Paracrine potential of adipose stromal vascular fraction cells to recover hypoxia‐induced loss of cardiomyocyte function

Cell‐based therapies show promising results in cardiac function recovery mostly through paracrine‐mediated processes (as angiogenesis) in chronic ischemia. In this study, we aim to develop a 2D (two‐dimensional) in vitro cardiac hypoxia model mimicking severe cardiac ischemia to specifically investigate the prosurvival paracrine effects of adipose tissue‐derived stromal vascular fraction (SVF) cell secretome released upon three‐dimensional (3D) culture. For the 2D‐cardiac hypoxia model, neonatal rat cardiomyocytes (CM) were cultured for 5 days at < 1% (approaching anoxia) oxygen (O 2 ) tension. Typical cardiac differentiation hallmarks and contractile ability were used to assess both the cardiomyocyte loss of functionality upon anoxia exposure and its possible recovery following the 5‐day‐treatment with SVF‐conditioned media (collected following 6‐day‐perfusion‐based culture on collagen scaffolds in either normoxia or approaching anoxia). The culture at < 1% O 2 for 5 days mimicked the reversible condition of hibernating myocardium with still living and poorly contractile CM (reversible state).
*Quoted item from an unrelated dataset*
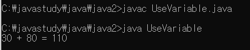 class UseVariable { public static void main(String[] args){ int num1; // 변수 num1의 선언 num1 = 30; //변수 num1에 10을 저장 int num2 = 80; // 변수 num2에 20을 저장 int num3 = num1 + num2; //두 변수 값을 대상으로 덧셈 System.out.println(num1 + " + " + num2 + " = " + num3); } }결과

Only SVF‐medium conditioned in normoxia expressing a high level of the prosurvival hepatocyte‐growth factor (HGF) and insulin‐like growth factor (IGF) allowed the partial recovery of the functionality of damaged CM. The secretome generated by SVF‐engineered tissues showed a high paracrine potential to rescue the nonfunctional CM, therefore resulting in a promising patch‐based treatment of specific low‐perfused areas after myocardial infarction.